There are several striking aspects about death in ancient Greece. For example, in ancient Greece, people believed that when one died, the soul (psyche) would leave the body through exhalation of breath (Sourvinou-Inwood, 1995). They also believed that after death, the soul left the body through the mouth or even an open wound. When a young person died, the Greeks believed that elements such as thumos (from heart) and aion (vital spirit) also left the body but could not play any further role (Silk, 2004). The corpse that remained simply decomposed and had no more importance (Sourvinou-Inwood, 1995). The Greeks further believed that regardless of peoples class or status, whether a king, a warrior or a lowly peasant, everyone went to one destination after dying and burial. Ancient Greeks held the belief that after the soul escaped from the body, it simply existed as a spirit image, untouchable, but perceptible and the wall dividing the living and the dead was impassable. The soul would then travel to an underworld, referred to as Hades. It is important to note that the Greeks put coins in the mouth of the dead to pay as toll on their way to the underworld. They believed that when the deceased failed to pay toll, there was a risk that such souls would be compelled to stay on the shores of Hades indefinitely.

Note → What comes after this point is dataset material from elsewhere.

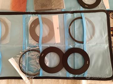 Filtri a lastra: Diversi filtri rettangolari, alcuni graduati (con un gradiente di colore o densità, come quelli blu e rossi/arancioni visibili) e altri a densità neutra (grigi/marroni). Questi vengono utilizzati per alterare la luce che entra nell'obiettivo.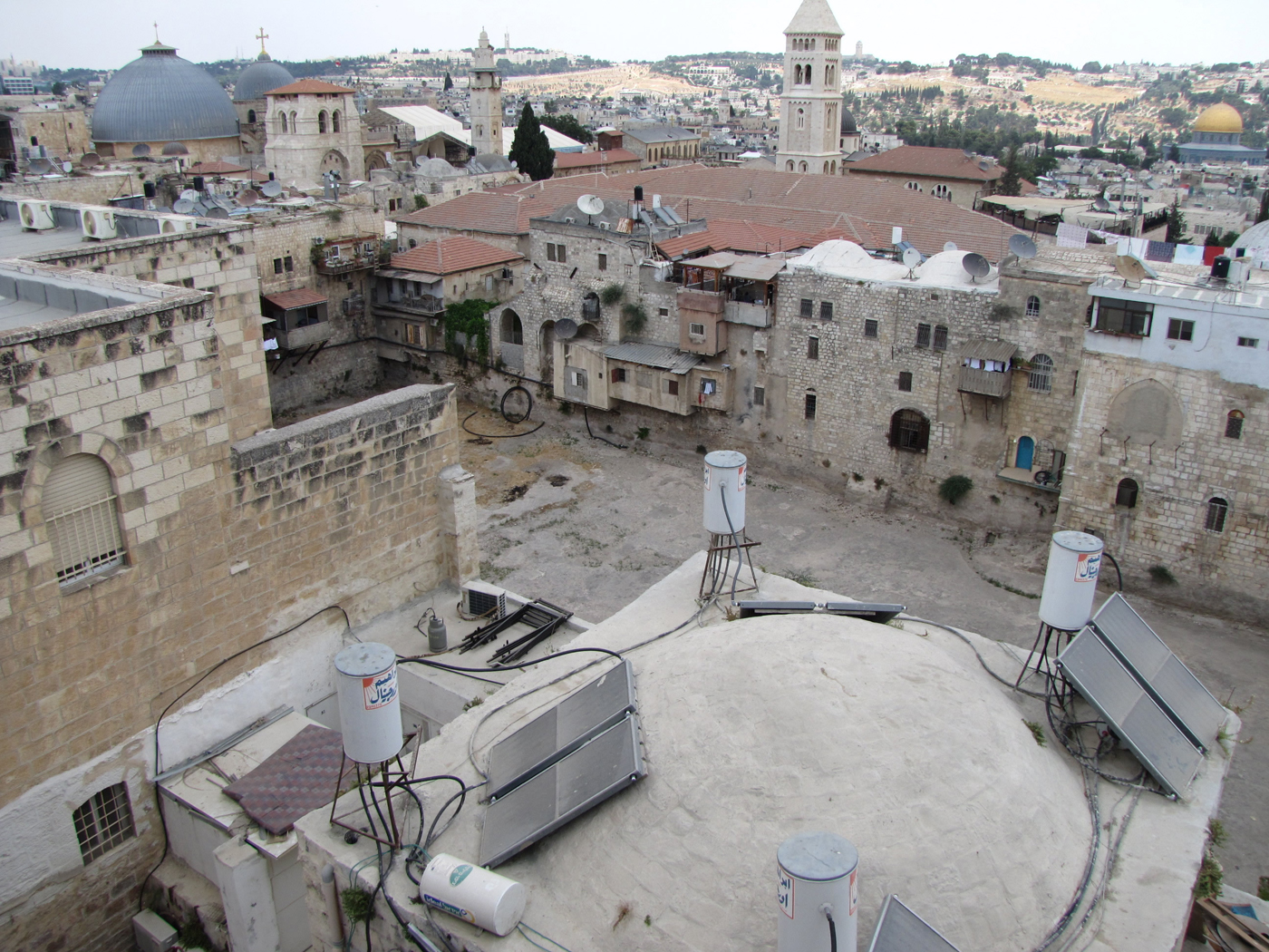 A view from on top the Petra Hotel of Hezekiah's Pool located in the Christian Quarter in Jerusalem which was outside the north wall of Old Testament and New Testament Jerusalem until 41 AD. The Church of the Holy Sepulcher is to the top left and marks the site of Jesus crucifixion with the small grey dome with a cross on top. The site of Jesus' burial and resurrection is under the large grey dome. The Dome of the Rock on the Jewish Temple Mount is to the far right at the top of this photo.

Upon entering Hades, the soul would cross River Styx using Charon's ferry to reach its final resting place. The soul could also use various paths to reach Hades, for example, by going through dark underground passages or sail to the Western Sea that surrounded the world. When the soul arrived in Hades, other souls within would instruct it not to cross the waters before burying its body, so the soul had to wait in a neutral territory. Appropriate burial preparations for the body played a crucial role in a souls journey into the afterlife (Kurtz & Boardman, 1971). However, if the body was not buried, the soul would not be allowed to enter Hades. If the soul was refused entry to Hades, the Greeks believed that such a soul would be left disembodied and would not be able to have peace (Garland, 1985). As a result, ancient Greeks greatly feared such repercussions, and refusal to accord the deceased proper burial was used as punishment for people who had committed serious crimes. The Greeks also feared death in sea water as it was difficult to retrieve the body and accord it a proper burial.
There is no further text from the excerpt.